The Democratic Party is looking around for a new face in its leadership. The November elections put the spotlight on two persons not previously prominent in speculation about the US's future. Senator Nunn is one of these. The other is Michael Dukakis, just reelected by a whopping majority as governor of Massachusetts, a state that happens right now to be enjoying a roaring economic boom.
Senator Byrd is now the majority leader in the Senate. Senator Pell heads the Committee on Foreign Relations, and Senator Nunn heads the Committee on Military Affairs.
Those three men, during the last two years of the Reagan presidency, will have a large say in deciding how much money is to be spent on Mr. Reagan's Strategic Defense Initiative (SDI), whether the undeclared war against Nicaragua is to be continued or attenuated, and whether Mr. Reagan should renew his explorations into the possibility of an arms control agreement.
One can see a possible piece of delicate bargaining in the future. The three important senators could, in effect, offer the President's funds for both SDI and for fighting Nicaragua in proportion to the earnestness of his efforts to seek accommodation with the Soviets. Certainly funds for those projects will be calibrated according to senatorial wishes. And certainly there will be no more clandestine operations being run from the White House without the prior knowledge or consent of those three senators.
These changes follow inevitably from the elections, from the disclosure of a gunrunning operation to the contra rebels fighting the Nicaraguan government (the Eugene Hasenfus affair), and from the exposure of the attempt to buy hostages by delivering guns to Iran.
President Reagan's popularity seems to be as high as ever, but his ability to influence Congress and take the initiative in foreign affairs is another matter. In this month's election, he tried to persuade the voters that he needed a majority of senators from his own party in order to carry through his policies. Either the voters were uninterested in the Reagan policies or unpersuaded by his arguments. They gave the Democrats control of the Senate by a wider margin than the Democrats had dared expect or than the Republicans had feared. The change will probably make only a marginal difference in domestic policy. It could be decisive in foreign policy.

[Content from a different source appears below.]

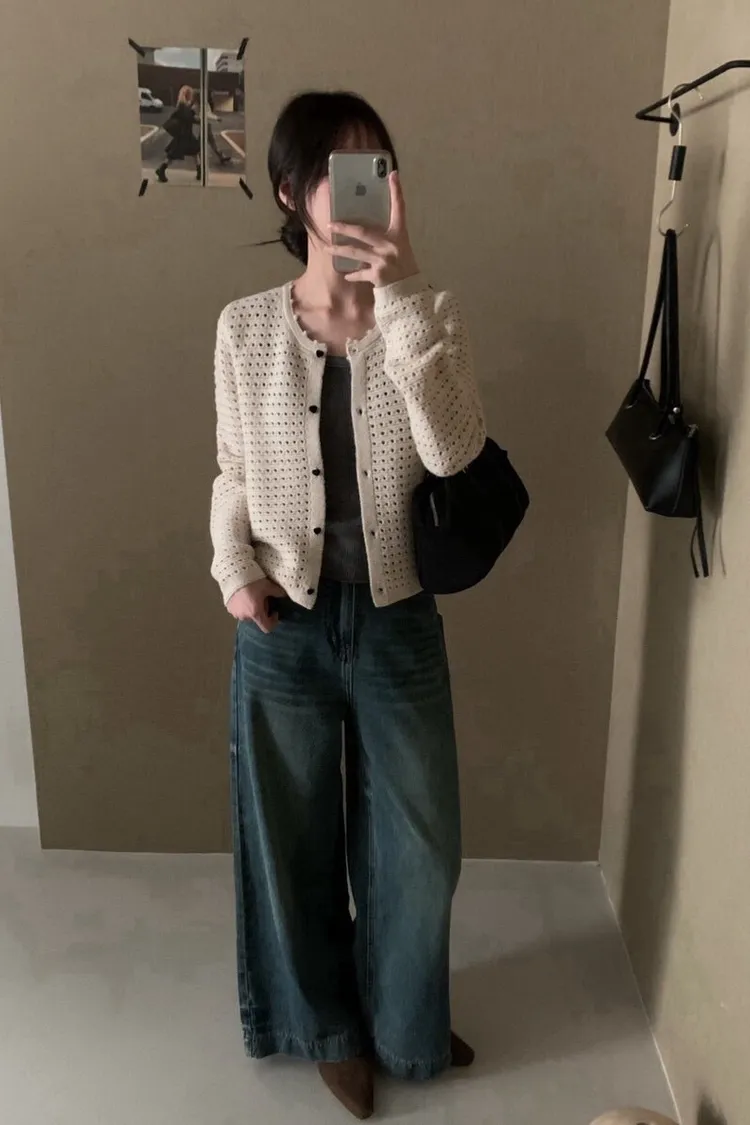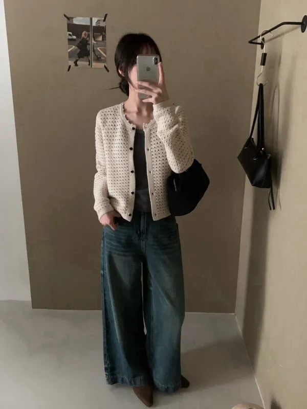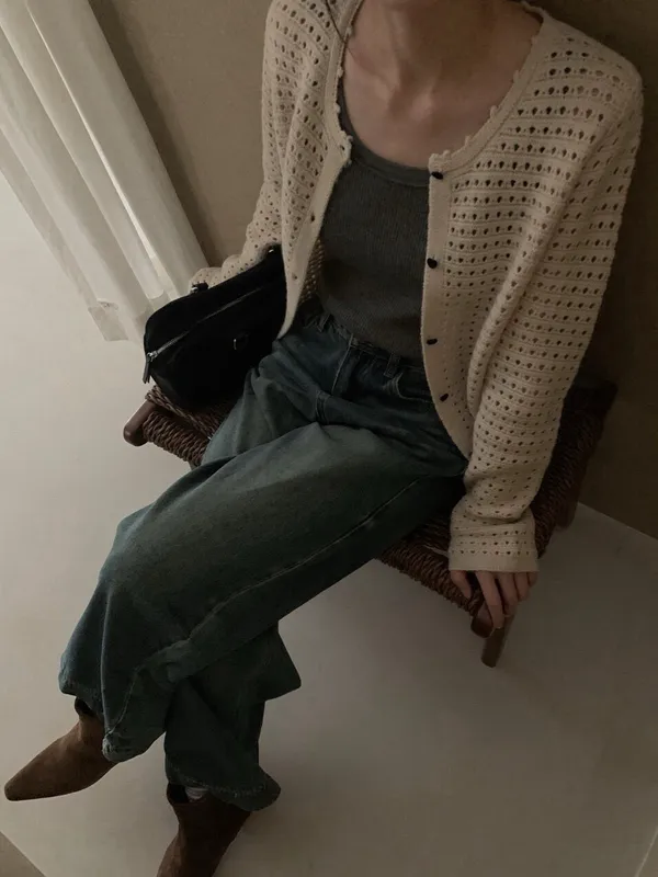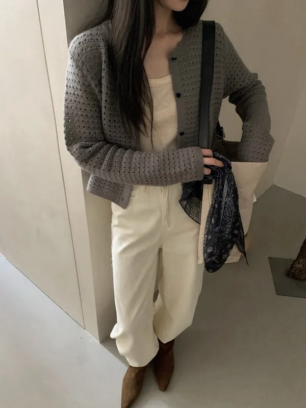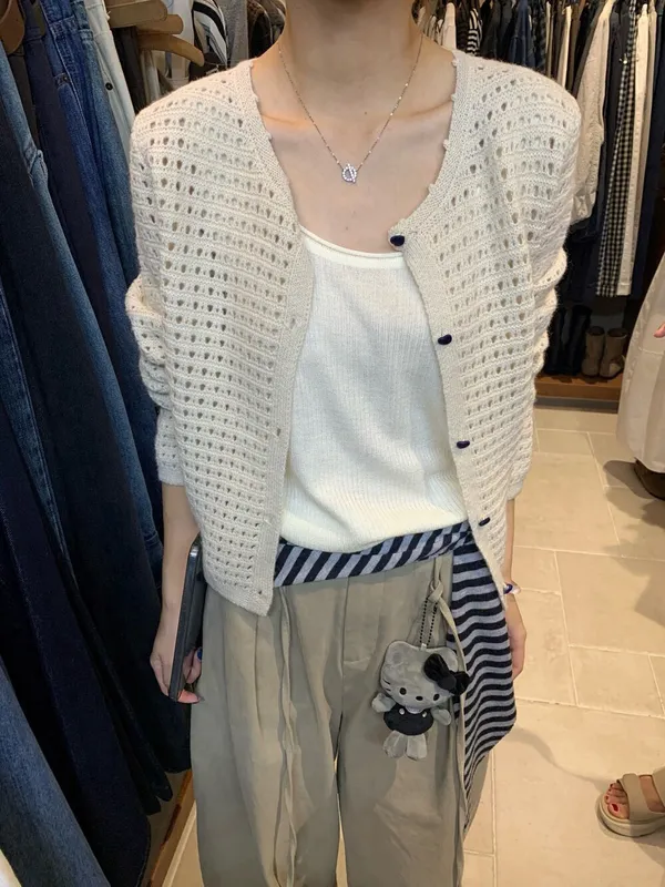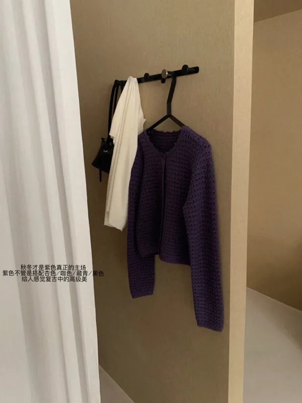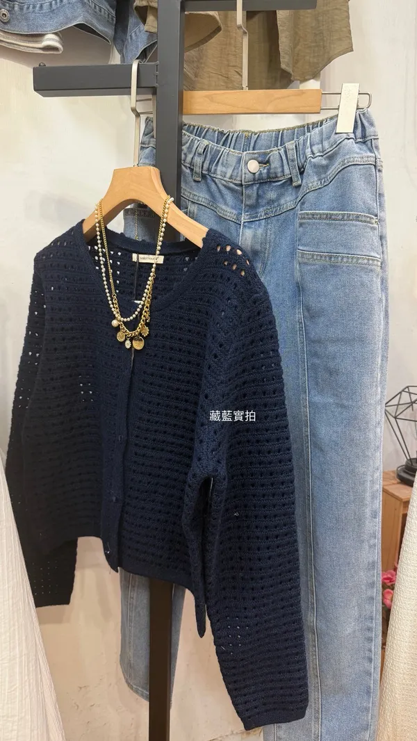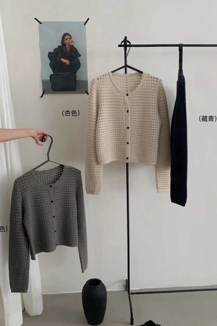 詢問度爆表~ 簍空洞洞針織外套 (藏藍/杏/天藍/紫色/灰色)

Not only did the election hand control of the Senate over to the Democrats. Confidence in the competence of the Reagan foreign policy has also been shaken, in both allied capitals and in the Congress. The gunrunning to Nicaragua was bungled. So was the buying of hostages with guns to Iran (in flagrant violation of Mr. Reagan's own rhetorical precepts). And the evidence mounts that Mr. Reagan was maneuvered by the Soviets at the Iceland summit into agreeing, or appearing to agree, to arms reductions that would have damaged the alliance.
Obviously, the alliance is not going to break up because Mr. Reagan fumbled the summit or because the White House staff has been proved incompetent at gunrunning and hostage-buying. None of the allies will quit the alliance. But from now on more consideration will be given by the Reagan administration to the interests of the allies and to the wishes of the Senate.
All of the above makes it seem more likely that the Reagan era in both foreign and domestic policy is running down. If the Soviets read this to mean that they might as well put off serious business with the Americans until there is a new person in the Oval Office, it would not be surprising. On on the other hand, Mr. Reagan may be especially anxious now to achieve something that will make him memorable in the history books. The Soviets should think twice before deciding to sit out the balance of the Reagan term.